* _MATERIAL PROVIDED_
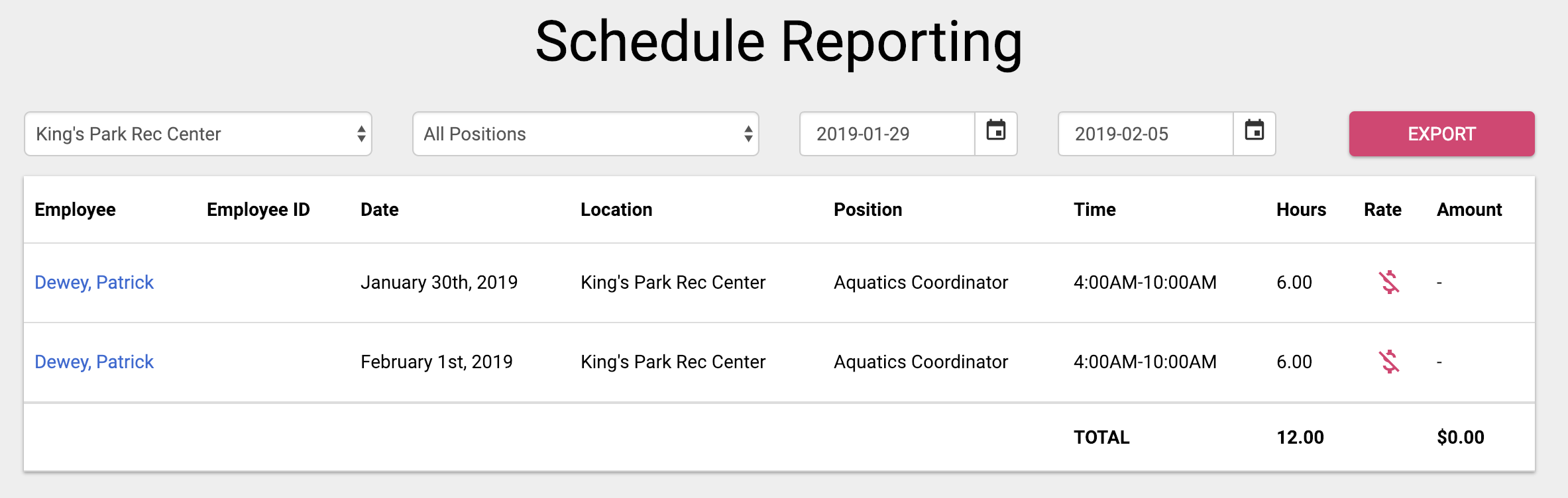 5. Added total hours (depending on the location, position, and date filters) to Schedule Reporting page so you can tally up how many hours your Lifeguards worked at King's Park Rec Center for example.
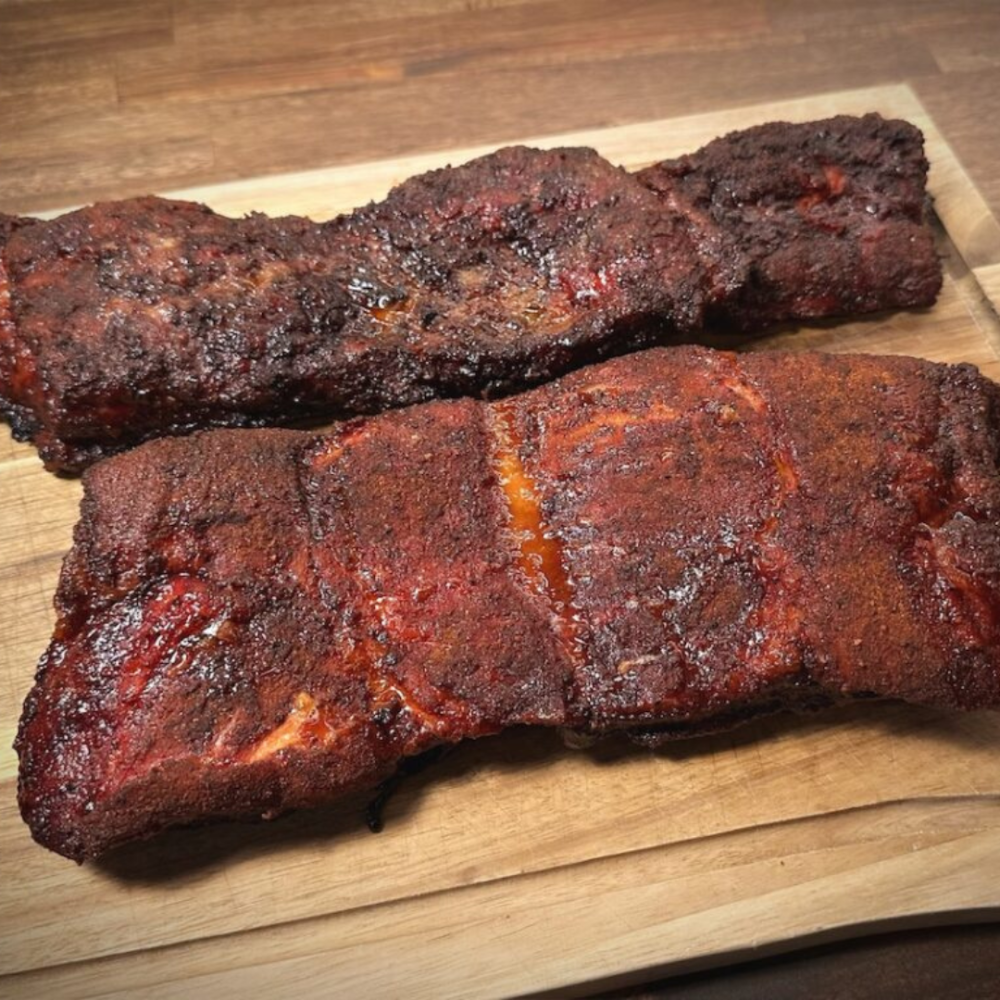 Når de er færdige, skal ribsene hvile i varmeboks eller dækket til i mindst 1–2 timer, så saften samler sig igen. Først her er de klar til servering – saftige, smagfulde og helt perfekte som benløse Spareribs.
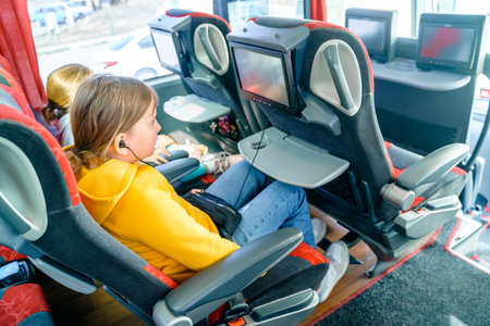 Bus road traveling. Girl kid rides on large comfortable sightseeing excursion bus. Watching movie cartoon on screen in chair. entertainment media system. Sittting, listening to music in headphones.
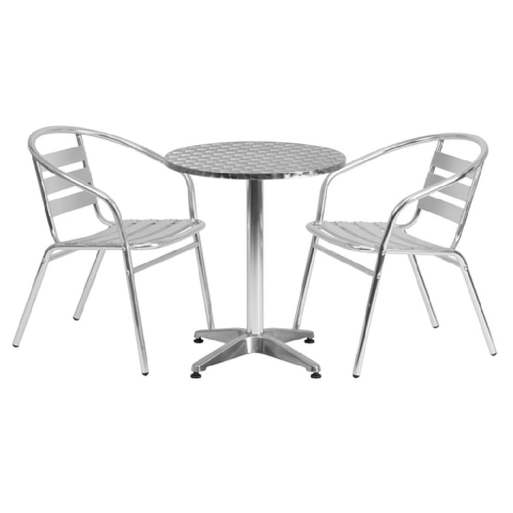 This set features a stainless steel tabletop measuring 23-1/2 inches in diameter and 27-1/2 inches in height, supported by a durable aluminum column and base for stability and weather resistance. The chairs measure 21-3/4 inches wide, 22 inches deep, and 29 inches high, with nesting capability for efficient storage. Weighing approximately 26 lbs, the set is lightweight yet sturdy for frequent repositioning. It supports typical moderate-use outdoor environments with a weather-proof aluminum and stainless steel build. Assembly is required, with details optimized for quick setup and minimal maintenance. The materials are compatible with routine cleaning and outdoor conditions, making it suitable for hospitality, outdoor cafés, and patio seating.
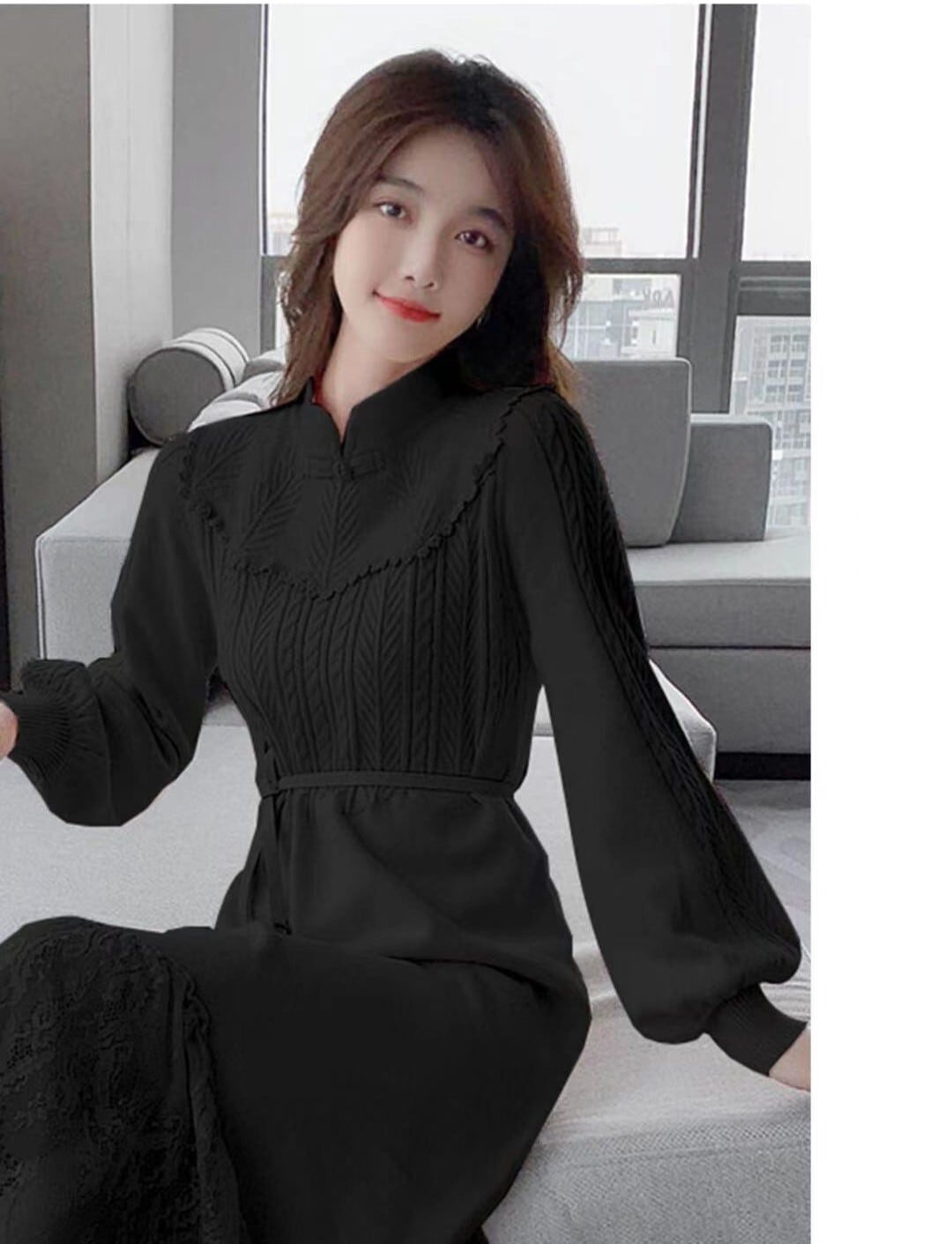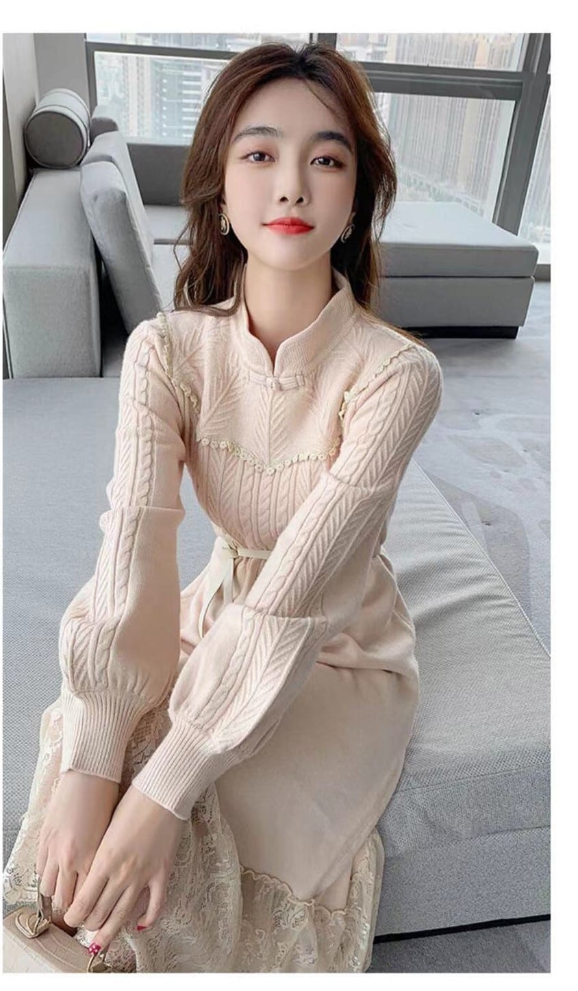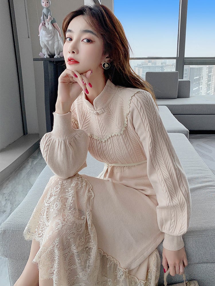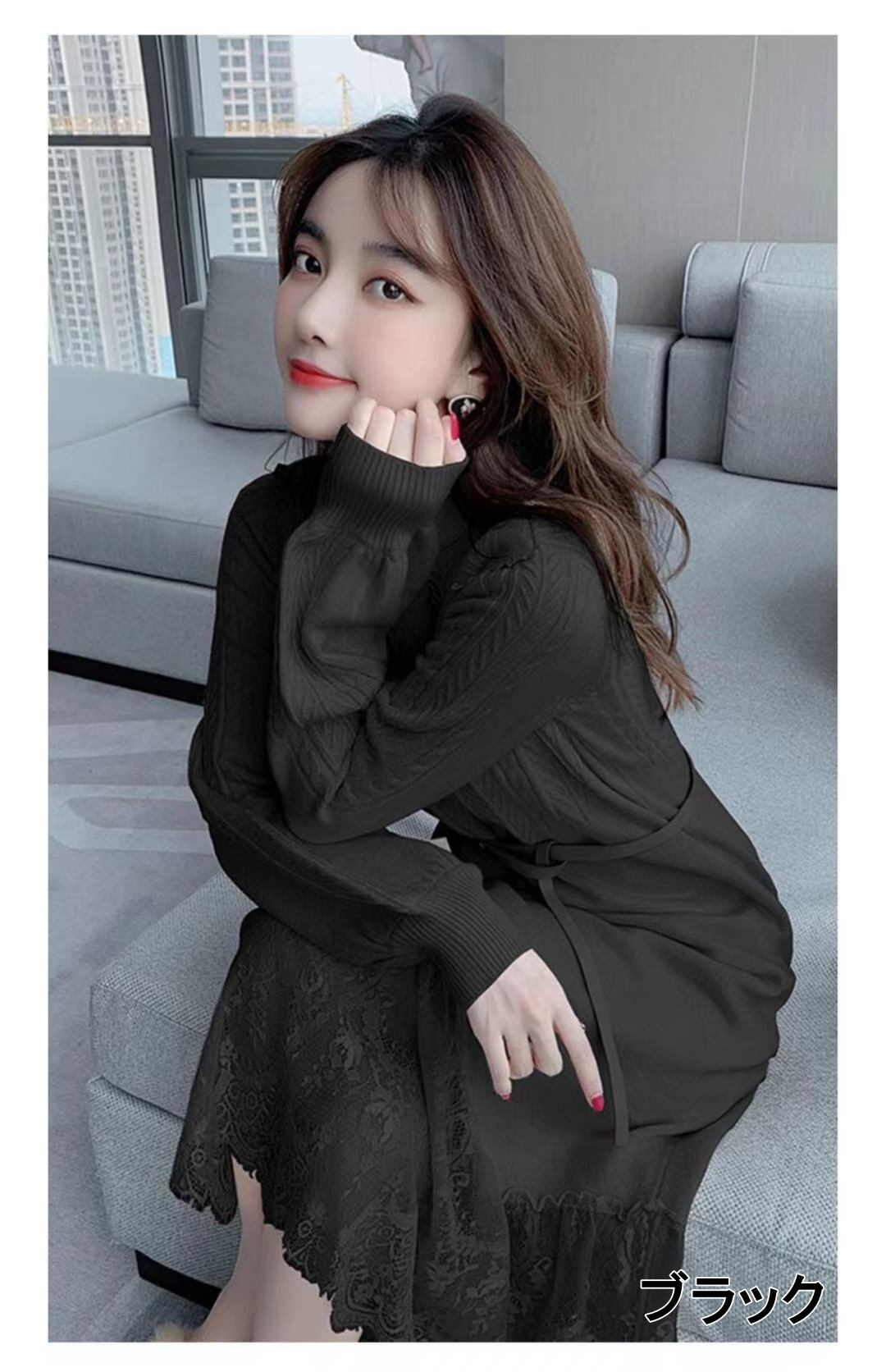 【送料無料】3色 ニットワンピース ドレス ロングワンピース レースワンピース ハイネック ハイウエスト Aライン かわいい 大人可愛い きれいめ 上品 おしゃれ お洒落 こなれ感 ラブリー キュート ガーリー エレガント 主役級 存在感 フェミニン レディース 10代 20代 女性用 女の子 学生 通学 デート お出かけ 女子会 着回し 普段使い 韓国 韓国系 オルチャン ファッション コーデ スタイル モテ インスタ映え お呼ばれ 流行 トレンド S M L XL 白 黒 アプリコット db4091
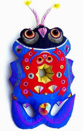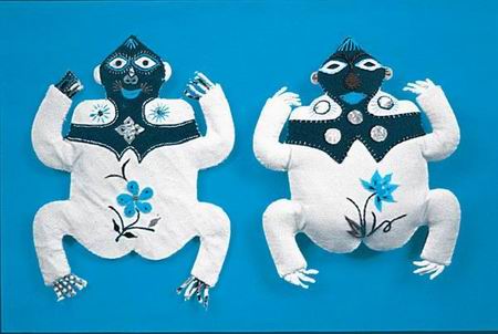我们在华阴县见到为小儿缝制的布蛙形象,十分神奇。它不同于一般蛙枕,也不同剪纸“蛙变娃”的表现,更不同五月节五毒蛙耳枕。它是用白布做底色,少量黑布衬头部,彩线勾绣五官和点缀花饰的人面蛙身。显然这又是民间的意念造型,不求物体对象的自然真实性,而取其观念的合理性。蛙对民间庶民说来就是娃,就是祖先规定的古老的生殖之神。蛙、人结合是明确的点题,如同人头虎身布老虎、人鱼合体等一样的构思,是先民传下来的人兽合体,是作为神灵崇拜的遗训。人头蛙无疑是新娘的陪嫁物,是希望的寄托也是性启发和胎教的依据,当然更是陪伴新生儿玩耍的保护神灵。
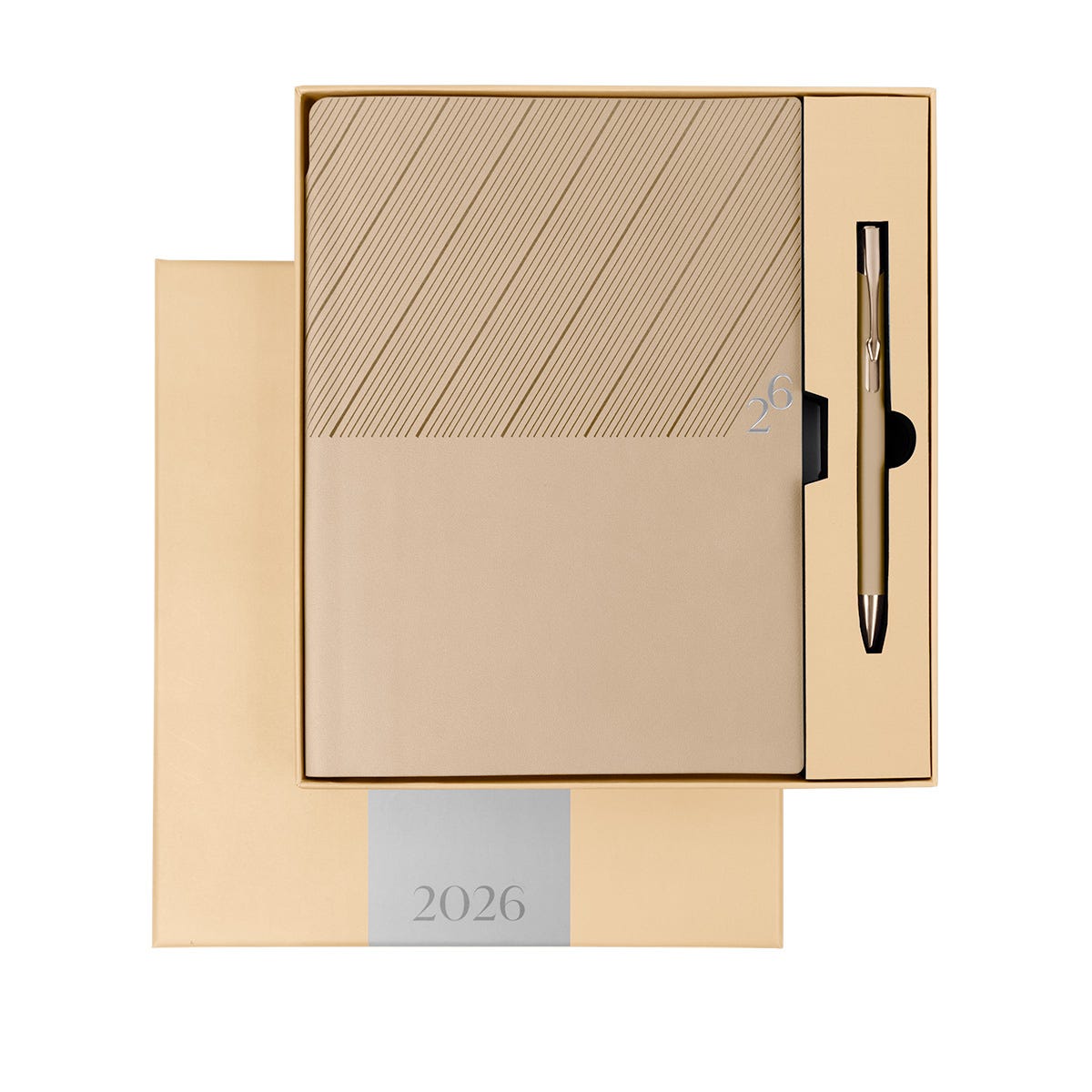 Agenda semanal con 100 hojas. Contiene datos personales, calendarios 2025-2026-2027, planeador 2026, presupuesto de gastos, seguimiento de nuevos hábitos, organizador de tareas, planeador de proyectos y días festivos. Incluye caja individual del mismo color a la agenda, separador con placa metálica y bolígrafo. Personalizada con láser.
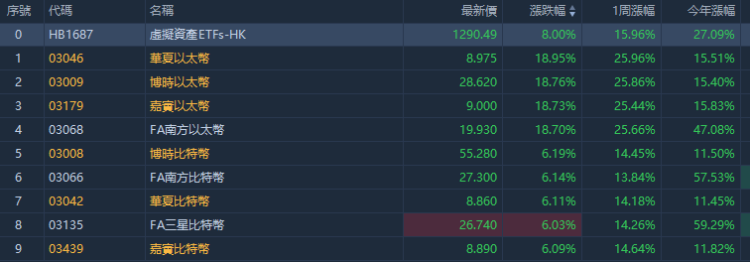 华盛资讯5月21日讯,区块链概念股早盘大涨,FA南方以太币ETF、博时以太币ETF、华夏以太币ETF、嘉实以太币ETF均涨超18%;FA南方比特币ETF、FA三星比特币ETF、博时比特币ETF、华夏比特币ETF、嘉实比特币ETF均涨超6%。消息面上,比特币价格一个多月来首次突破7万美元大关。
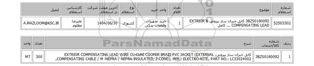 | 1 | 3BZS0180092 | کابل جبران ساز بیرونی, EXTRIOR COMPENSATING LEAD WIRE CU-CUNI COOPER BRAID PVC JACKET (EXTERNAL COMPENSATING CABLE / M -NEPRA / NEPRA INSULATED, 2-COND), MFR.: ELECTRO-NITE, PART NO.: LC33024002, | 300 | MT |
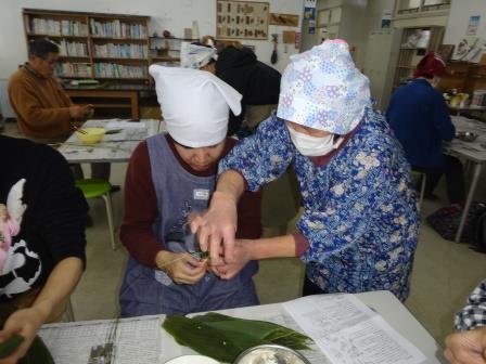 ちまきはササを2枚使って作るのですが、1枚目のササをろうと状に巻くのが難しかったようです。
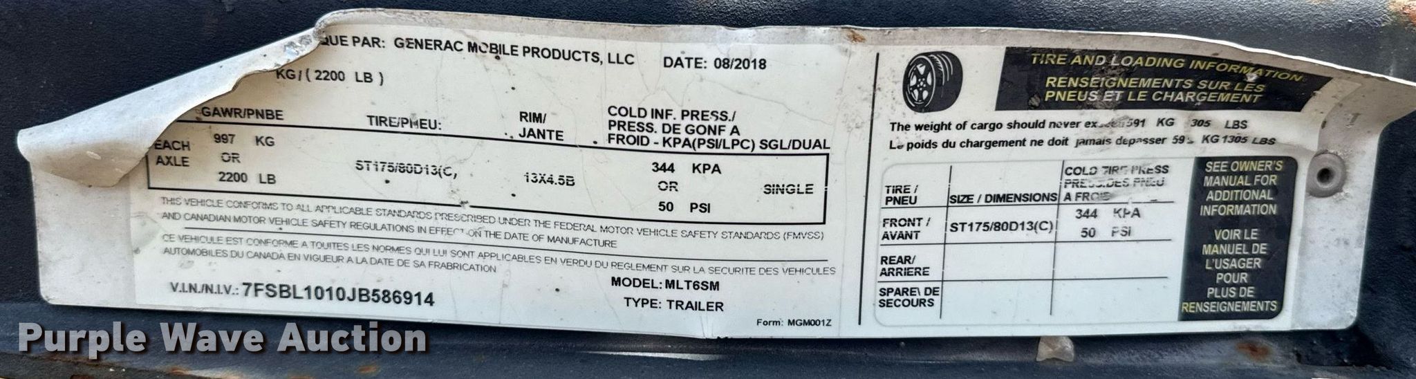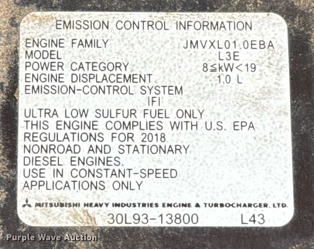 2018 Generac Magnum light plant. Hours: 8,912 on meter, VIN: 7FSBL1010JB586914. Engine Mitsubishi L3E, Serial: A52443, Displacement: 1.0L, Cylinders: 3, Fuel type: Diesel. Features Light plant Bulbs: 4, Watts: 1,100, Hoist: Manual, Stabilizers. Trailer 10' L x 58" W, Ball hitch size: 2", Suspension: Spring, Axles: Single, Tire size: ST175/80D13, GVWR: 2,200 lbs, GAWR: 2,200 lbs. Notes Dead battery, Engine issues, smokes. This is worksite support equipment and will not come with a title. Transfer of ownership documentation will be a bill of sale. Redlands Contracting. El Reno, OK 73036
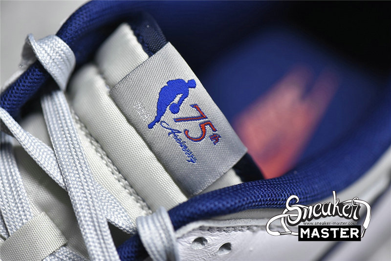 - The shoe features a Grey base with Navy and White overlays along with Red branded heels and stitching on the White midsoles. Other details includes the NBA’s NBA’s 75th Anniversary branding on the tongue tag, special lace dubrae honoring the league’s Diamond Anniversary completed with a Navy rubber outsole.

* _WHAT YOU ARE ASKED TO DO_
Give the lines from the one containing "ちまきはササを2枚使って作る" through the final line of the material again, exactly and in full, but without pictures.

* _WRITTEN SOLUTION_
 ちまきはササを2枚使って作るのですが、1枚目のササをろうと状に巻くのが難しかったようです。
 2018 Generac Magnum light plant. Hours: 8,912 on meter, VIN: 7FSBL1010JB586914. Engine Mitsubishi L3E, Serial: A52443, Displacement: 1.0L, Cylinders: 3, Fuel type: Diesel. Features Light plant Bulbs: 4, Watts: 1,100, Hoist: Manual, Stabilizers. Trailer 10' L x 58" W, Ball hitch size: 2", Suspension: Spring, Axles: Single, Tire size: ST175/80D13, GVWR: 2,200 lbs, GAWR: 2,200 lbs. Notes Dead battery, Engine issues, smokes. This is worksite support equipment and will not come with a title. Transfer of ownership documentation will be a bill of sale. Redlands Contracting. El Reno, OK 73036
 - The shoe features a Grey base with Navy and White overlays along with Red branded heels and stitching on the White midsoles. Other details includes the NBA’s NBA’s 75th Anniversary branding on the tongue tag, special lace dubrae honoring the league’s Diamond Anniversary completed with a Navy rubber outsole.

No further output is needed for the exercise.